Raw data:
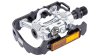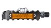 Klickpedale mit Käfig, Aluminiumkörper, Aluminiumrahmen, einstellbare Auslösehärte, 4° seitliche Bewegungsfreiheit, einfaches Ein- und Ausklicken auch bei schlechten Verhältnissen und verschmutzten Schuhsohlen, CrMo-Achse, gedichtetes Industrielager, Größe: 105 x 66 mm, Gewicht: 366 g
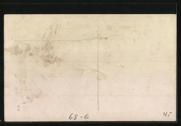 Personenbezogene Daten auf der Rückseite der Karte wurden durch blauen Textmarker unkenntlich gemacht. Die blauen Stellen sind auf die Vorderseite durchgeweicht und wirken sich negativ auf das Postkartenfoto aus
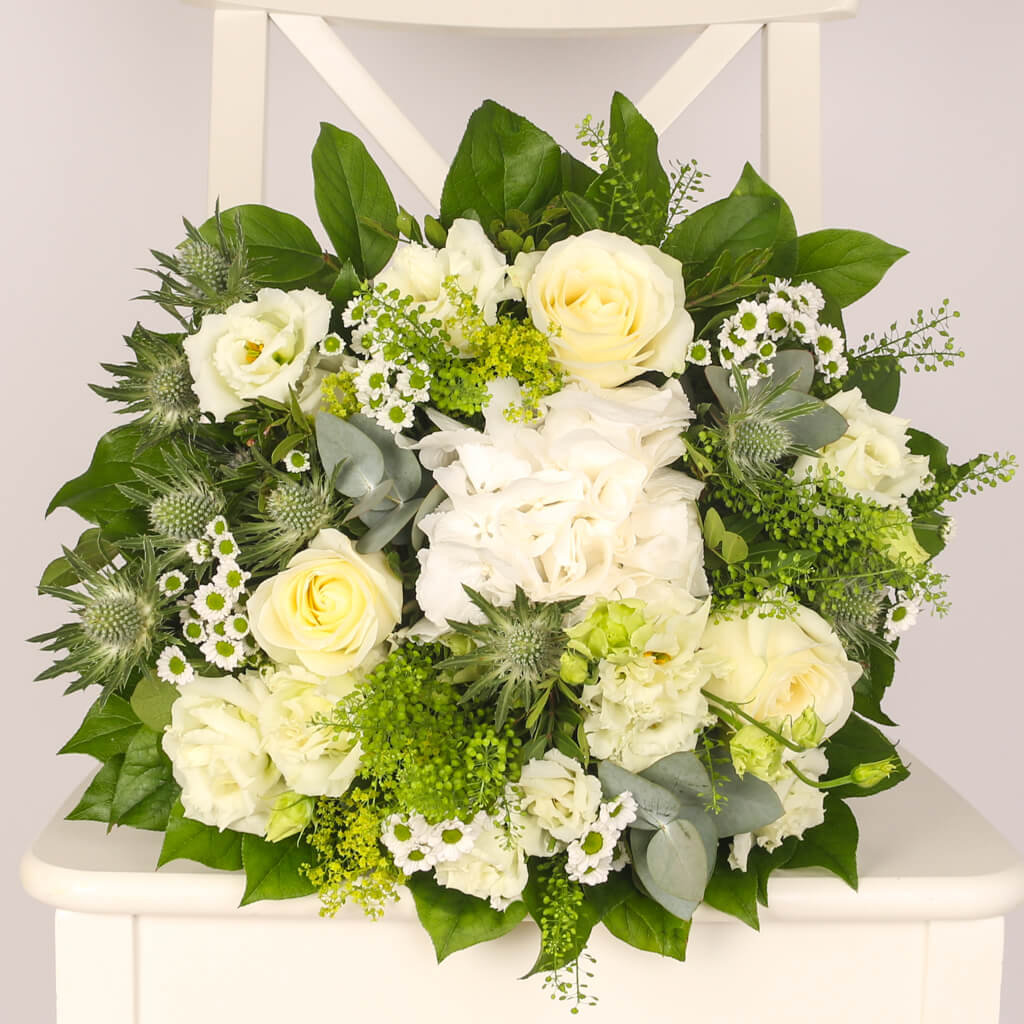 Buchet cu 3 trandafiri albi, 3 crizanteme, hortensie, verdeata si alte flori

What the task asks:
Quote the material exactly. Pictures stay out.

Exercise output:
 Klickpedale mit Käfig, Aluminiumkörper, Aluminiumrahmen, einstellbare Auslösehärte, 4° seitliche Bewegungsfreiheit, einfaches Ein- und Ausklicken auch bei schlechten Verhältnissen und verschmutzten Schuhsohlen, CrMo-Achse, gedichtetes Industrielager, Größe: 105 x 66 mm, Gewicht: 366 g
 Personenbezogene Daten auf der Rückseite der Karte wurden durch blauen Textmarker unkenntlich gemacht. Die blauen Stellen sind auf die Vorderseite durchgeweicht und wirken sich negativ auf das Postkartenfoto aus
 Buchet cu 3 trandafiri albi, 3 crizanteme, hortensie, verdeata si alte flori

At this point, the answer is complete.